The US dollar has broken down during most of the trading session on Friday against the Japanese yen to reach towards the ¥105 level. At this point in time, the market has bounced, and it suggests that we are going to see a bit of support at the ¥105 level. However, even though the candlestick shape is somewhat supportive, you should keep in mind that we have only bounced about 35 pips. That is not a huge move, and this market looks as if it is likely to continue grinding lower overall.
Looking at the chart, the market has shown itself to fade rallies as they come, and I think that might end up being the way this market moves next as well. Ultimately, this is a market that I think will have a lot of volatility in it, and you should also keep in mind that it is highly sensitive to risk appetite. Risk appetite is something that is all over the place, and I think there is probably more risk to the downside as far as risk appetite is concerned than anything else. If that is the case, then it is very difficult to imagine a scenario where this pair rallies significantly.

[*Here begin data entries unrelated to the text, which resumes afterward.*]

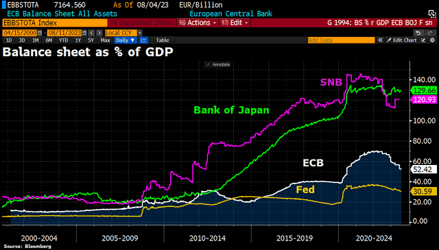 FED a ECB sa v podstate zmenili na podporovateľov vládneho dlhu, zatiaľ čo SNB uplatňuje stratégiu, ktorá pripomína skôr správu štátnych investičných fondov než tradičné centrálne bankovníctvo.
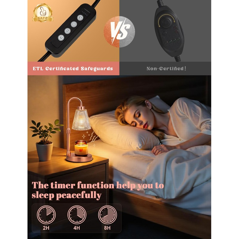 - 【Dimmable Candle Warmer Lamp with Timer】Our controller features four brightness settings and a timer function, and comes with an ETL-certified switch for added peace of mind. You can adjust the brightness to control the speed at which the fragrance is released, tailoring it to your personal preferences. The timer function means you can leave home without worrying about forgetting to turn the candle light off
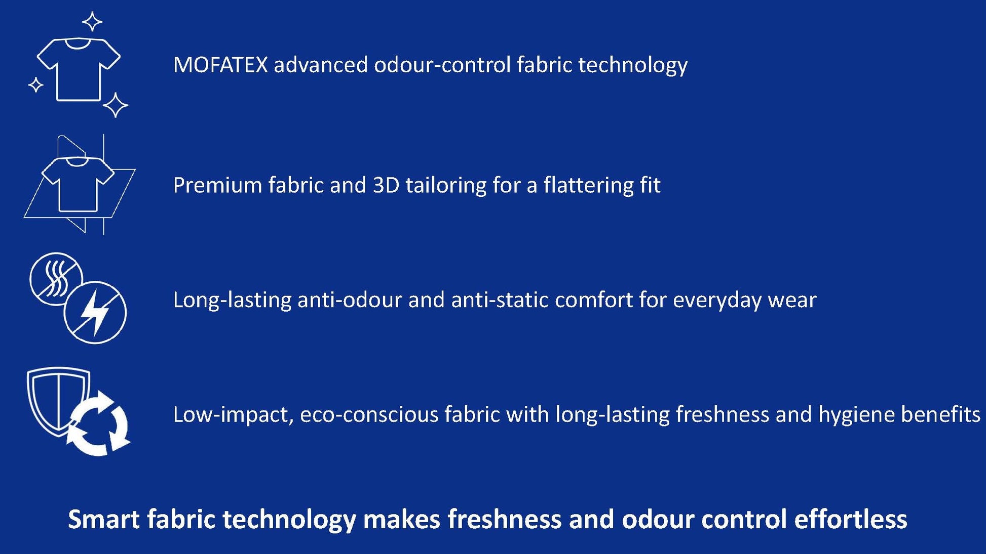 - MOFATEX™ IONLOCK anti‑odor tech: ion‑exchange sites on fibers attract and neutralize malodor molecules (e.g., ammonia, acetic acid, isovaleric acid, nonenal).
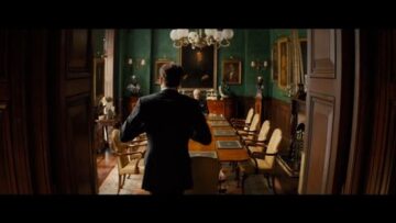 と、そこに到着したエグジーは、マーリンを飛行機に残し、偽装した招待状を使って潜入。
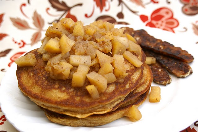 Your griddle pan should be nice and hot now. Lightly grease the pan with your margarine, spray or oil. Using a pour spout container or ladle, carefully pour some batter on your griddle pan. Spread it around into a circle with the back of a spoon or bottom of a ladle to the desired diameter. After a few minutes the top, uncooked side will begin to set, creating little bubbles around the edges. Using a spatula, you can carefully lift up the edge and peek for doneness, if you wish. If the batter feels pretty set, you can give them a flip. If the pancake isn’t golden brown enough, turn the heat up a little more. If it is too brown, turn your heat down a little. When done, remove from pan and stack on a plate. Pancakes can be kept warm in a 200 degree oven until ready to serve. Re-grease your griddle and continue with the rest of the batter until it is all gone. Serve with warm apple compote and/or real maple syrup and vegan butter, such as Earth Balance.
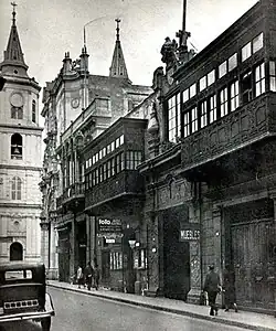 The earthquakes of 1655, 1687, 1746 and 1940 destroyed many of the old colonial structures in Lima designed by Francisco Pizarro[4] and transformed the city's politics and architecture. Sturdy and less elaborate styles became increasingly popular after 1746 in order to ensure the stability of buildings.[3] After the earthquake of 1940, Bruno Roselli, a Florentine art history professor known as the "defender of balconies", endeavored to salvage numerous balconies, many of which were of the 17th and 18th century styles.[5] So committed was he to their salvation that he compared the balconies' importance to that of the Eiffel Tower, Statue of Liberty and the lions in Trafalgar Square.[6] However, he was not successful.
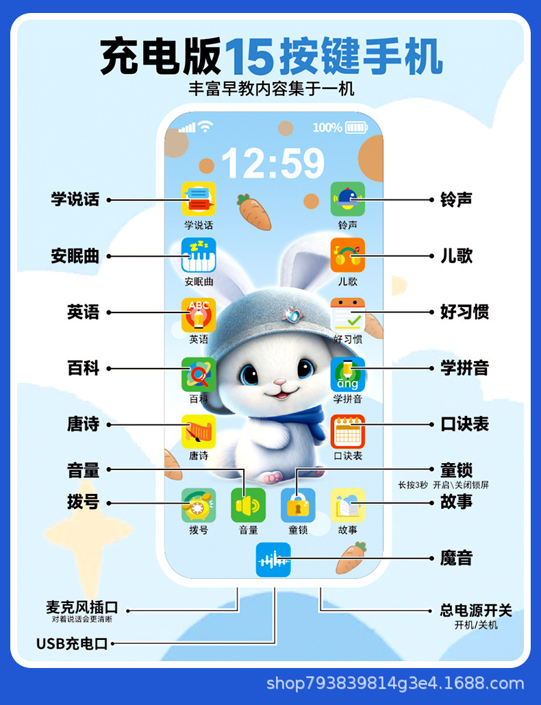 Children s Early Education Educational Mobile Phone Baby Multifunctional Learning Machine Early Education Music Simulation Telephone Toys for Boys and Girls
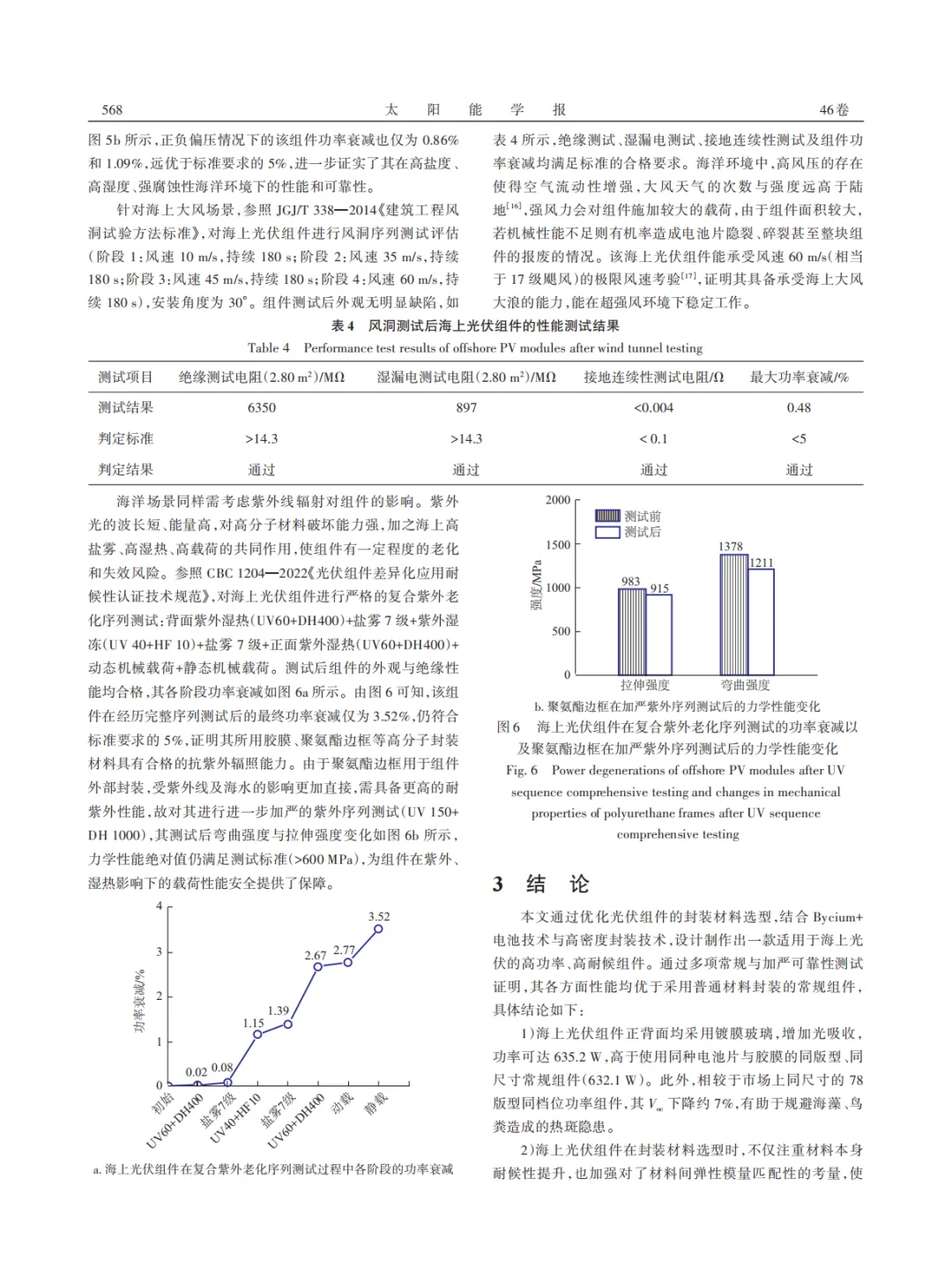 复合紫外老化序列测试:经历严格的紫外、湿热、盐雾、机械载荷循环测试后,海上组件最终功率衰减为3.52%,优于5%的标准要求。其聚氨酯边框在加严紫外老化后力学性能仍保持合格。
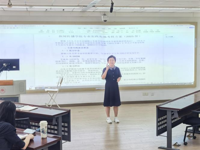 首先,倪万对研究生同学进行了实习安全、知识产权和工作保密等方面的教育,并借此提出四点期望和要求。一是讲平安,牢记安全第一理念,确保人身安全;二是讲政治,坚持正确舆论导向,深入了解中国新闻事业发展现状;三是讲纪律,遵守学校和实习单位的各项规章制度,严守纪律底线;四是讲成效,推动协同创新,培育更多标志性成果。在实习的同时,与导师做好学业沟通,进行毕业成果选题,为中期考核和开题做准备。
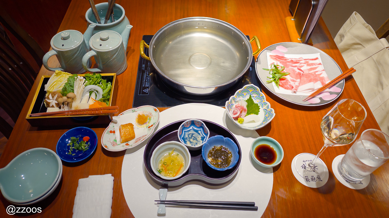 제가 알기론 가고시마도 간사이식 스키야키를 하는 걸로 알고 있는데요. 그렇다면 달콤한 소고기를 먹을 수 있겠죠. 하지만 가고시마 쿠로부타를 얇게 썰어 육수에 익히면 고소한 지방의 맛이 극대화되는 샤부샤부를 포기할 수도 없었습니다.

Looking at this chart, I also see that the 50 day EMA is granting lower and has been reliable resistance lately. There also seems to be a lot of resistance between that indicator and the 200 day EMA. In other words, I do not have a scenario right now where am looking to buy this pair. This does not mean that it is impossible for me to buy this pair just that I do not have any desire to do so at this juncture.
I believe that the US dollar, in general, is trying to strengthen, but the Japanese yen is a bit of an outlier. This might be the one place with the US dollar fails to grab any traction, considering that the Japanese yen is considered to be the “ultimate safety currency.” I would not be surprised at all to see this market reach towards the lows we just made sometime this week.